Bribery isn't the only problem American-based companies like UT face when working overseas. Because of ongoing corruption issues-and then global efforts to address problems through a variety of legislative acts-Gnazzo says UT is getting demands from its overseas vendors to have a code of ethics: "Whistle-blowing statutes are cropping up globally," Gnazzo says. "Some requests go beyond U.S. [anti-corruption] principles."

With 47,000 employees involved in providing health care services in a multitude of countries, Baxter International says developing one standard approach to dealing with corruption and imposing one set of criteria on all companies worldwide "makes sense," says Gretchen Winter, vice president and counsel for business practices at Baxter International.

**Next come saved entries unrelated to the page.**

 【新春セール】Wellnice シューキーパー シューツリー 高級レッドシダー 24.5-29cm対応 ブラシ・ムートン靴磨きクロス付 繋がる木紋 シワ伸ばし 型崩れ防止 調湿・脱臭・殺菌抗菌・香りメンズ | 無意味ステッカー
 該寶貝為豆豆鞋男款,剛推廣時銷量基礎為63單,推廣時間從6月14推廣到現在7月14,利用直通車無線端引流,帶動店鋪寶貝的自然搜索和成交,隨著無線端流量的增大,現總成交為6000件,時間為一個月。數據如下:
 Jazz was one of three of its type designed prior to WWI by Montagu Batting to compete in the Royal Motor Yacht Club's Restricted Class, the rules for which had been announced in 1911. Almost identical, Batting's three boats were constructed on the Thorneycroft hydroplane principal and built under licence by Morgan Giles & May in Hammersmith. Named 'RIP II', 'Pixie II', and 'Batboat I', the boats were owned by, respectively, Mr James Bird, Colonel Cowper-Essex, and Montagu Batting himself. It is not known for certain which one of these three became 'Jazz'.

Winter describes a "bureaucratic nightmare" of proliferating demands from hospitals and other vendors for proof of ethical business conduct. Without any standard criteria, she says companies are swamped with paperwork and forms, none of which are consistent and all of which require enormous time, energy and money to process. Multiply the demands in the U.S. with increasing demands for assurance from countries overseas that companies are operating in a clean and ethical fashion and she says businesses like hers are drowning in paperwork.

Not Yet Just Another Management System Standard

Although they want consistent practices worldwide in the realm of business ethics and conduct, neither Gnazzo and Winter want to see proliferation of yet another standard with an attendant auditing scheme that creates yet additional financial strain. For this reason, they say they've been working with the Ethics Officer Association to develop a standard consistent with pre-existing quality and environmental management standards such as ISO 9000 (quality) and ISO 14000 (environment.) The hope is that registrars-those providing the audits-will devise an audit that will encompass all these processes.

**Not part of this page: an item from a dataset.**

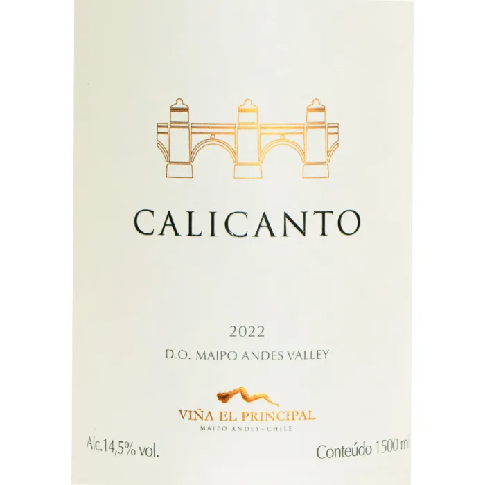 Calicanto é o nome da primeira ponte construída sobre o Rio Mapocho, entre 1767 e 1782, em Santiago. Simboliza a união entre a tradição e a modernidade, o Novo e o Velho Mundo.Rubi profundo com reflexos violáceos. Impressionante intensidade aromática, com frutos silvestres (mirtilo, amoras, groselha preta), ervas, especiarias e baunilha. Encorpado, amplo, com taninos macios, muito acessível e prazeroso.

"The ISO approach makes sense for companies already dealing with elements like quality processes and environmental management systems," Winter says. "We want a simple, effective way to operate internationally-one that meets all the criteria of doing business overseas, whether it's proving assurance of quality or ethical business practices. When you're dealing with more than 40,000 employees and a multitude of hospitals, we think a single ISO standard would help address the [redundancy] problem."

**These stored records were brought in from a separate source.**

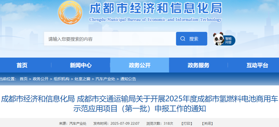 近日,成都市經濟和信息化局 成都市交通運輸局發布《關于開展2025年度成都市氫燃料電池商用車示范應用項目(第一批)申報工作的通知》。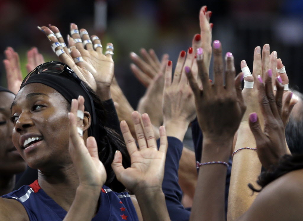 United States’ Foluke Akinradewo, left, celebrates with teammates after defeating the Dominican Republic in three sets in a women’s quarterfinal volleyball match at the 2012 Summer Olympics earlier today in London. (AP Photo/Jeff Roberson)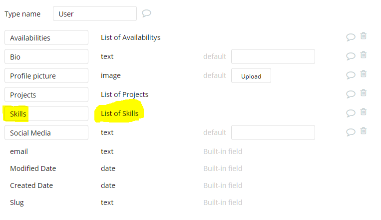 Also, I added a Skills (list of Skill) field to User: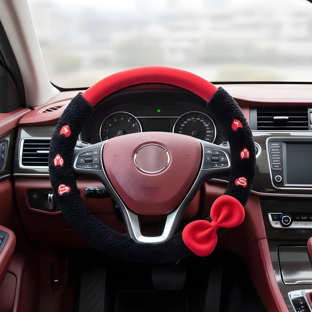 Auto Lenkradabdeckung Plüsch Niedliche Schleife Automobil Innenzubehör Plüsch Lenkradschutz Abdeckung Für Anhänger LKW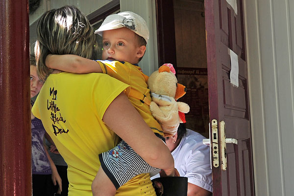 Женщина с ребенком у входа в медицинский кабинет оздоровительного центра "Дмитриадовский" в Ростовской области.

Moreover, by following in the ISO 9000 model, Essrig says there's the hope that most companies will have in place the basic format and elements to easily meet auditing criteria for the new business ethics standard. In essence, they will simply be assembling pre-existing information into ISO 9000-style formats.

ISO 9000 is a document-based standard that requires businesses to develop a quality manual outlining all the procedures they follow to continually improve their quality management system. It has a new emphasis on continuous improvement that assumes strong internal communication and documentation of manufacturing and service processes.

"Most companies have these elements in place. We don't see meeting the requirements for certification to this standard to be new or onerous," Essrig says.

The standard in question would offer an outline of criteria to meet to prove a company operates in an ethical fashion, complete with recommended procedures to follow to ensure compliance. It would include a monitoring or auditing component, explains Essrig, who says the standard is still under development and may require "some tweaking" before presentation to ISO.

"This is absolutely sensible and something companies want to do," according to Sergio Mazza, former ANSI president and an unpaid advisor to the Ethics Officer Association. "It has an advantage in being generic and process-oriented."

ANSI member companies signaled their approval of this approach later in the day in private sessions. A representative from the ANSI Company Member Council Executive Committee said representatives from many high tech, aerospace, automotive and heavy equipment companies felt that the association had not only done its homework, but taken care to follow ISO guidelines. They also approved of the fact the association has shown concern not to develop just any standard, but one that provides added value to industry both in the U.S. and worldwide.